The DC microgrid under study didn’t contain complex parameters like constant power load (CPL), renewable energy sources (RES) or parallel inverters. In [43], a method of series fault detection algorithm in LVDC microgrid was proposed by detecting the occasional discharges at the beginning of the fault due to the high input capacity of the interface. The open-circuit performances and high current spikes were used for proposed identification algorithm by calculating the cross-correlation of the current signal with a pre-determined signal to identify the sparks. Experiments were planned and performed on a DC arc test platform with a buck converter based on constant power load. The outstanding features of spark due to DC arc fault are mentioned as following:
Sparks are precedent during open circuit conditions.
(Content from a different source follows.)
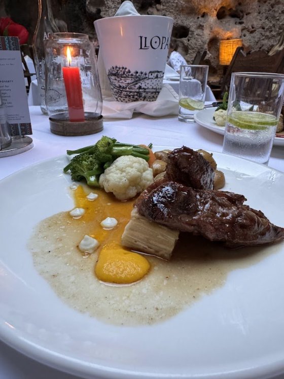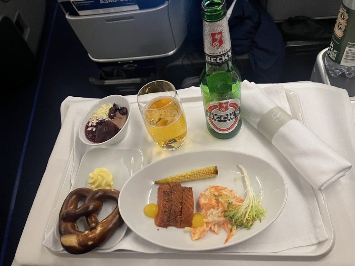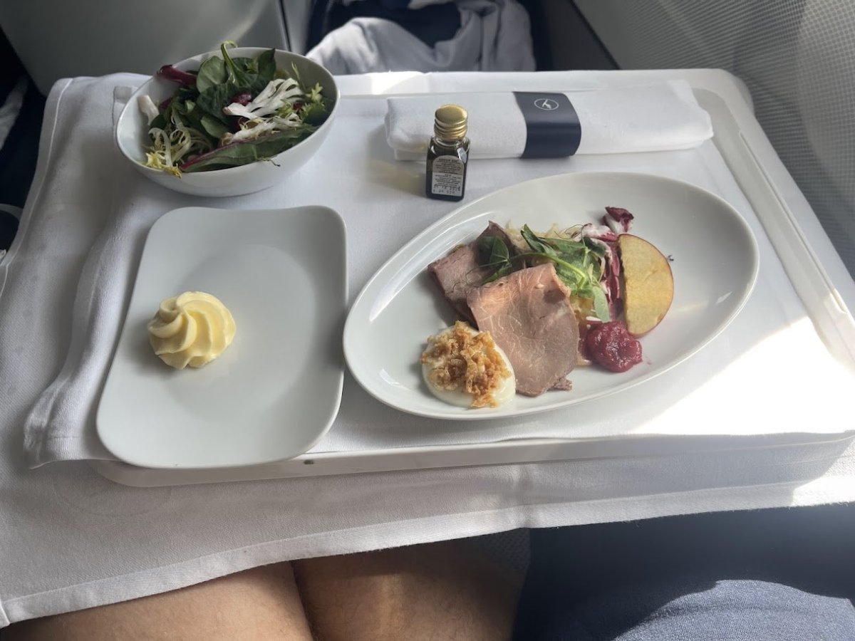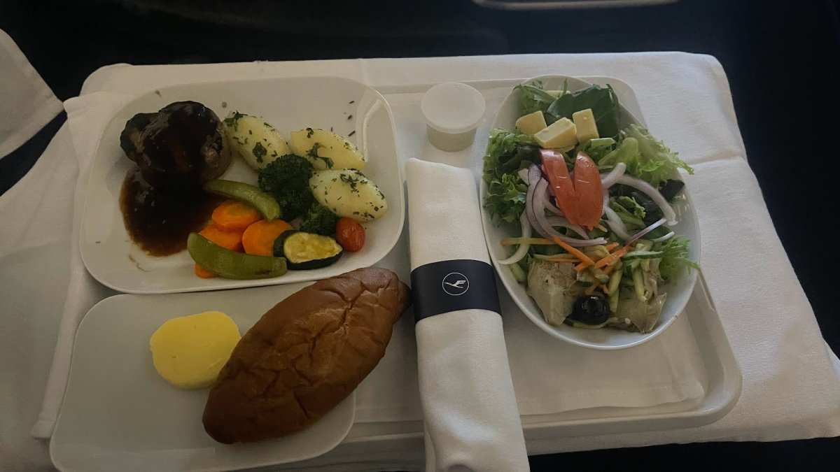 Ovšeeeeeem. Před a během online Check-inu je možnost si vybrat ze 4 speciálních jídel. Nějaké hovězí, kuřecí, vegetariánské a ryba. Víte přesně, co to bude a jak to asi bude vypadat. Toho jsme využili a objednali si Sauerbraten mit Rotkohl und Klößen. Bylo to vynikající. Opravdu. Sice to nevypadá vzhledově nejlépe, ale chuťově jedno z nejlepších jídel, které jsem kdy jedl, včetně luxusních restaurací. Neskutečné. Jestli byste měli možnost v Lufthansa Business Class vyzkoušet toto jídlo jděte po něm. 100 %. Slabinou byla prezentace. Vykydli to z těch hliníkových nádob, po tom, co to ohřáli a na talíři si s tím nepohráli. Škoda, no. U předkrmu mě zase naopak zaujal celer. V takovém sladkokyselém nálevu s jablky. Taktéž výborné. To mohlo být klidně bez toho telecího, ten celer to totálně posunul do pozadí, jak byl skvělý. Dezert byl taky výborný, plný chutí, a přitom nebyl přeslazený. Takže sice sedadla horší (pomalu instalují nová, ale zatím to má jen pár Dreamlinerů), ale servis a catering na jedničku.

A current spike was usually observed at the beginning, or sometimes in the middle, of the discharging process.
The sparks were typically repetitive. The interval between discharges corresponds to the time constant of the input capacitor of the power electronics interface.
In [44], a statistical analysis approach was suggested for a fault detection technique that was suited for suppressing the effect of interfacing device operation, power circuits for system elements. Normal and arc signals were evaluated using Fast Fourier Transform (FFT). The presence of arc fault leads to a transition in the frequency spectrum and the arcing signal simply raises the spectral power density of the current. The probability curves of all operating conditions as a function of threshold values have been plotted. There was a straightforward trade-off between false-positive and false-negative. False-positive was identified as a detector malfunction that decides the presence of arc in non-arcing state, whereas false-negative was defined as a failure of arc detection. Thus, the probability of false-positive increases as one attempts to set a lower threshold to obtain a greater probability of effective identification.
In [45], detection of load voltage drop during series arc beginning was proposed as unified arc fault detection in low voltage DC microgrid. The reduction in the load voltage associated with the series arc activation was directly based on the electrode material and was observed by the load side power electronic converter, which was then acted similarly to disconnect the load from the grid by reducing the load current to zero and thereby the arc is extinguished easily and quickly. DC systems require the use of DC-DC converters in the distribution system and for this the high-frequency noise from DC-DC converter switching and other electromagnetic interference obscure the arc signature, allowing an arc to initiate and proceed unnoticed. During arc fault, switching harmonics are present, signal-to-noise ratio is low, and arc signal is not a periodic signal, so the time domain or frequency domain analysis using a Fourier transform (FT) do not work well. Therefore, in [46], Wavelet Transformation (WT) was proposed to analyze and detect arc fault and arc flash in DC microgrid systems by simulation synthetic waveforms generated in MATLAB/Simulink and then experimentally use arc waveforms measured from photovoltaic (PV) modules and an experimental arc generator.
In [47], a steady-state model of DC arc was proposed for studying series the impact of arc fault on a ring type DC microgrid. The arc impedance was modeled using macroscopic V-I equation to make the decision on DC arc resistance with a given gap length (a non-linear resistor) and arc noise was modelled by using the Gaussian distribution fitting of filtered arc current using a 1.5 - 45 kHz bandpass filter. The DC arc fault was characterized as a 10 Ω resistor in parallel with a controlled current source generating Gaussian distribution noise. The research did not take into consideration the transients at the initial stage of arc development; also, the impact of DC arc fault was studied only with resistive loads.